Referring to FIG. 1., there is shown a dredging vehicle 10 operative to float on a body of water and driven by a transverse winch 12 on drive supports 26 attached to dredge frame 8. The dredging vehicle includes pontoons and a cutterhead which is extendable into an operational position at or near the waterbed. The vehicle is itself of generally known construction and operation. Winch 12 drives dredging vehicle 10 along an overhead cable 14. As the dredge 10 approaches the end of a pass, the dredge is pivoted 180 degrees as described below to effect the next pass in the opposite direction.

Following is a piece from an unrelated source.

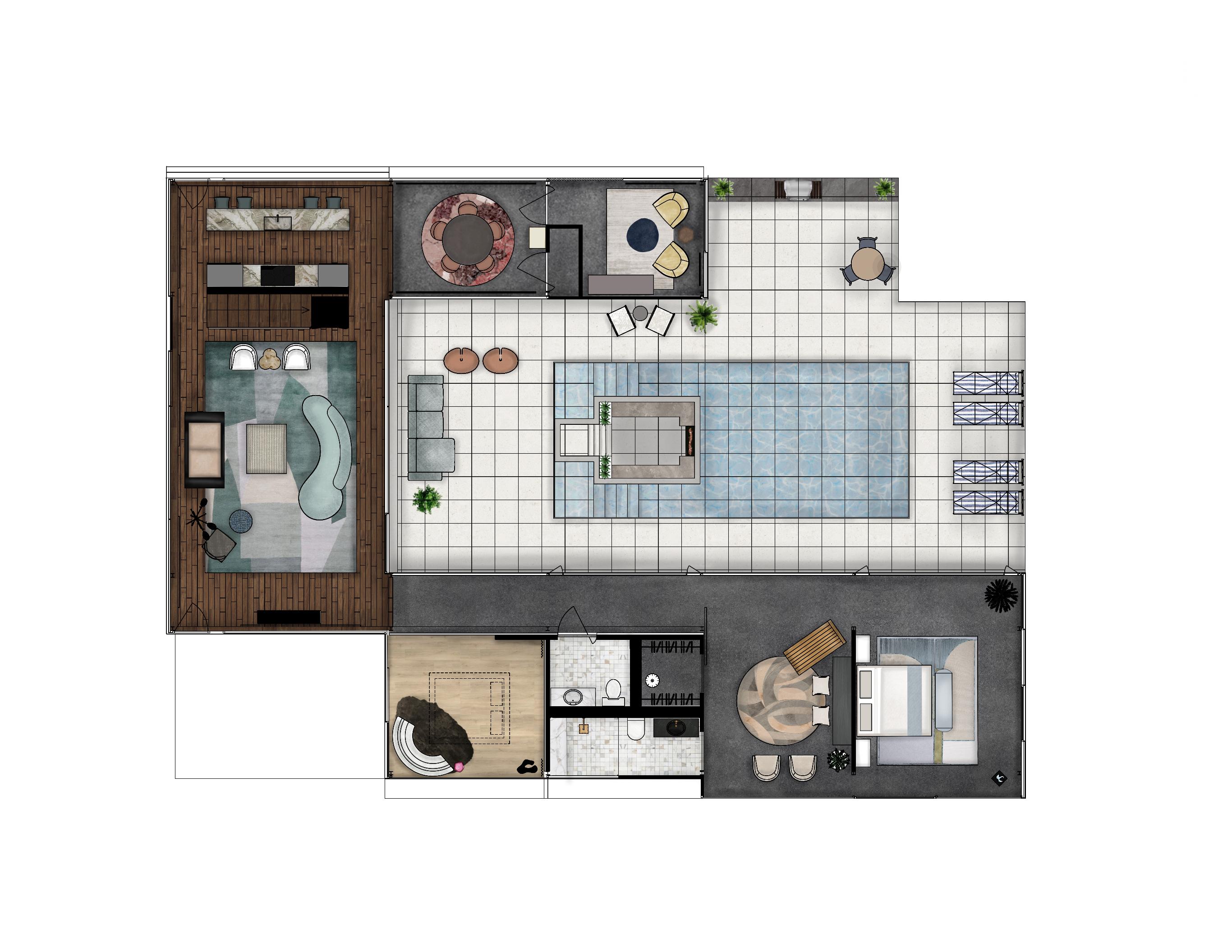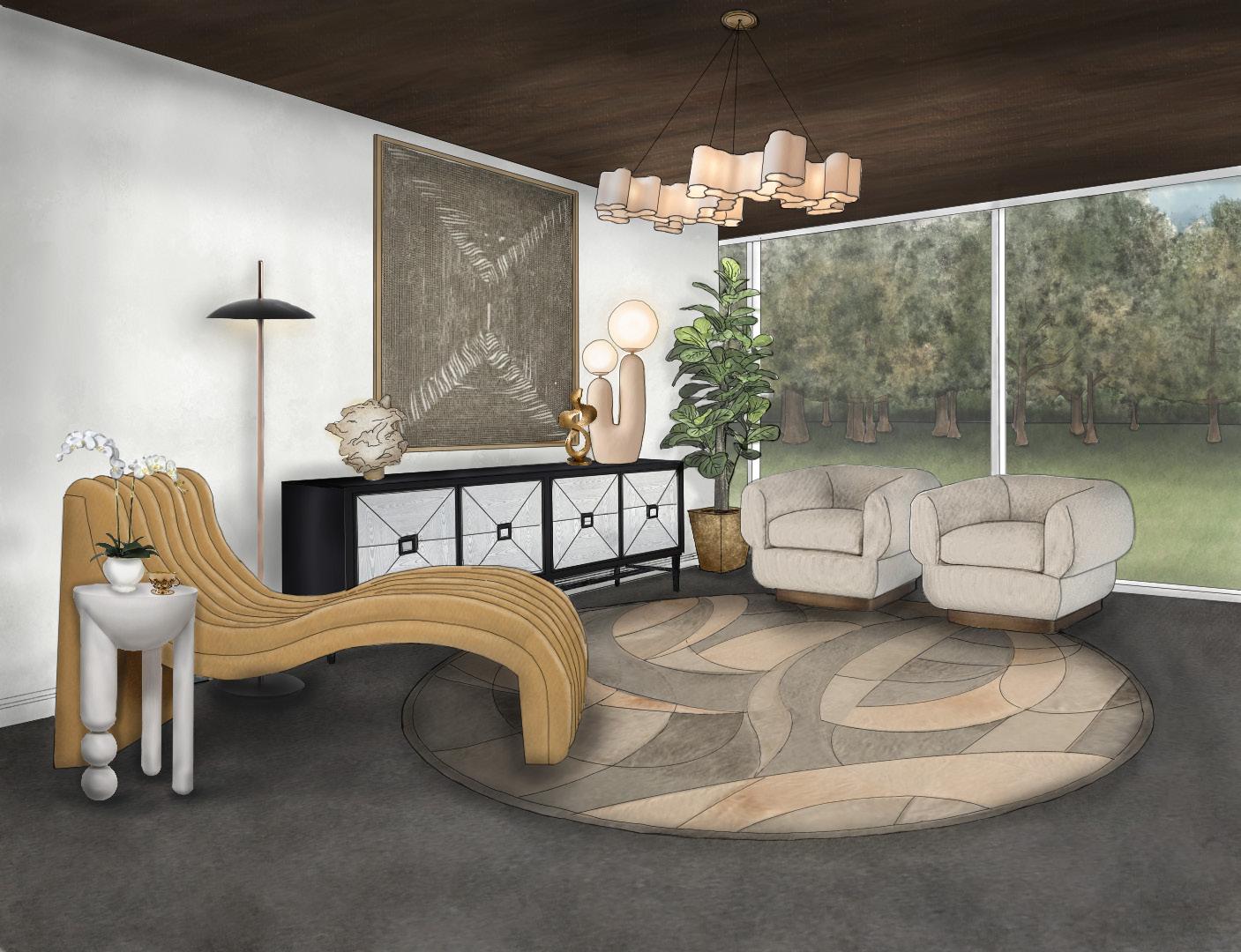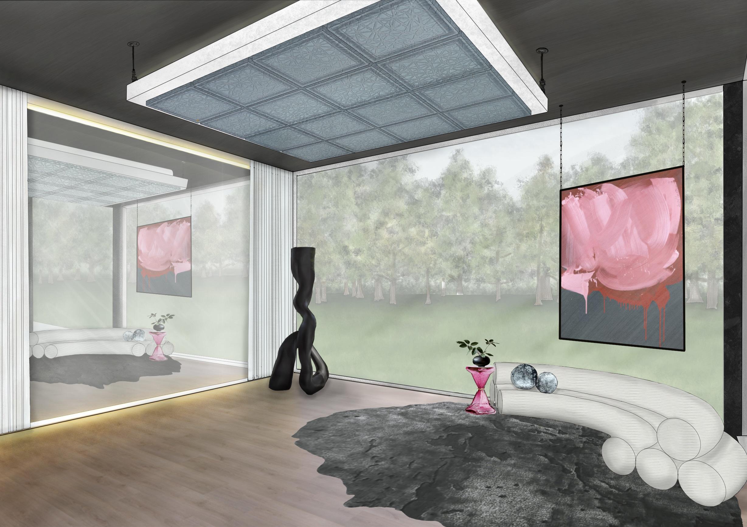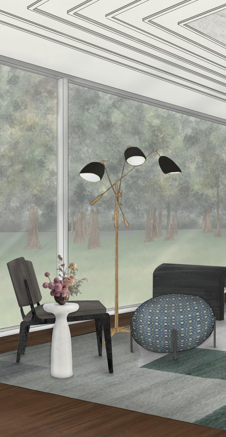 Sahara Rose’s new glass house in the woods will celebrate the beauty and richness of the area around it. What was once a simple glass shell now includes intentional furnishings and thought-out details. Each selection and the combinations convey a feeling of luxury, peace, and boldness that aligns with the needs of the client. Featuring Well Design guidelines, toxic-free spaces, and meditation spaces, this space is grounded and serves as a healing retreat for Sahara.

Referring to FIGS. 1 and 2, the pivot mechanism is shown in more detail. Pivot mechanism 15 comprises an upper rotational plate 22 and a lower rotational plate 24. Upper plate 22 is attached to winch 12 and remains aligned with cable 14 via pivot arms 28. Lower plate 24 is in rotational communication with upper plate 22 and is rotated with respect to upper plate 22 by worm drive 30. As lower plate 24 is attached to drive supports 26 extending upward from the dredge frame 8, the dredge vehicle 10 is rotated with respect to the cable 14. Rotational torque of the winch 12 against cable 14 is absorbed by pivot arms 28. Pivot arms 28 are attached to winch housing 53, and in communication with cable 14 through guide rollers 34 attached to the ends of the arms 28. Pivot stabilizers 32 provide further support to pivot arms 28 by support cables 54 attached to guide rollers 34. Guide rollers 34 provide free movement of winch 12 along cable 14 by aligning upper plate 22 with the axis of the cable, thereby avoiding misalignment of the winch 12 with respect to cable 14.

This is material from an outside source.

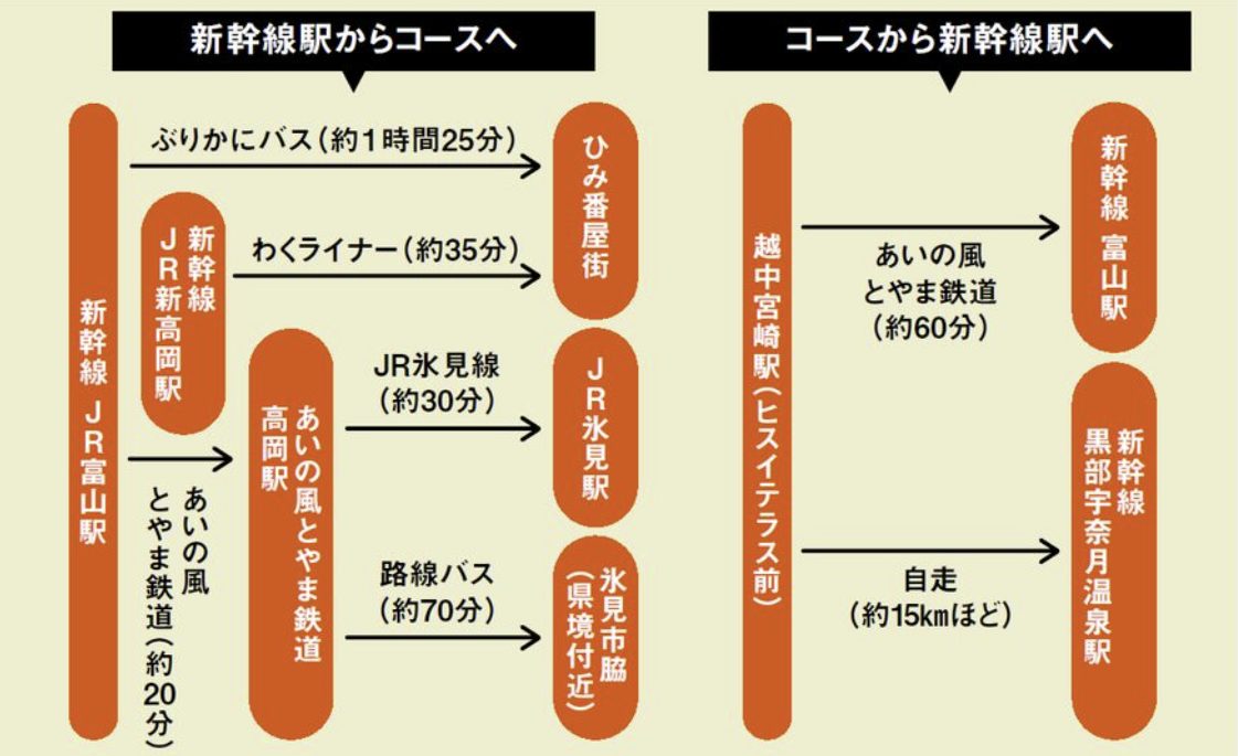 北陸新幹線の停車するJR富山駅、新高岡駅などと、コースのあいだには少し距離がある。ここをどうつなぐかが富山湾岸サイクリングを楽しむポイントとなる。氷見市方面から朝日町方面に走る場合、本誌が推奨するのは以下のような方法だ。スケジュールに合わせて検討しよう。

As shown in FIGS. 3a-3d, a progression of dredging passes is shown. A dredging area 18 is dredged by dredge vehicle 10 by a series of successive transverse passes. At the end of each pass, the dredge is pivoted as above and cable anchors 16 moved laterally by a distance approximately the width of dredging head 36. In this manner, a series of parallel passes effects dredging of the entire area.

More specifically, referring to FIG. 3a, dredge vehicle 10 is approaching the end of a transverse pass. In FIG. 3b, the dredge 10 has reached the limit of the dredging area 18 and is pivoted 180 degrees by pivot mechanism 15. Cable anchors 16 are then moved laterally to position the next pass adjacent to the area covered by the previous pass. As shown in FIG. 3c, another pass in the opposite direction is effected as the dredge 10 is drawn along cable 14. Upon again reaching the limit of the dredging area 18 (FIG. 3d), dredge 10 is again rotated 180 degrees by pivot mechanism 15 to continue the next pass while cable anchors 16 are again disposed laterally a single pass width.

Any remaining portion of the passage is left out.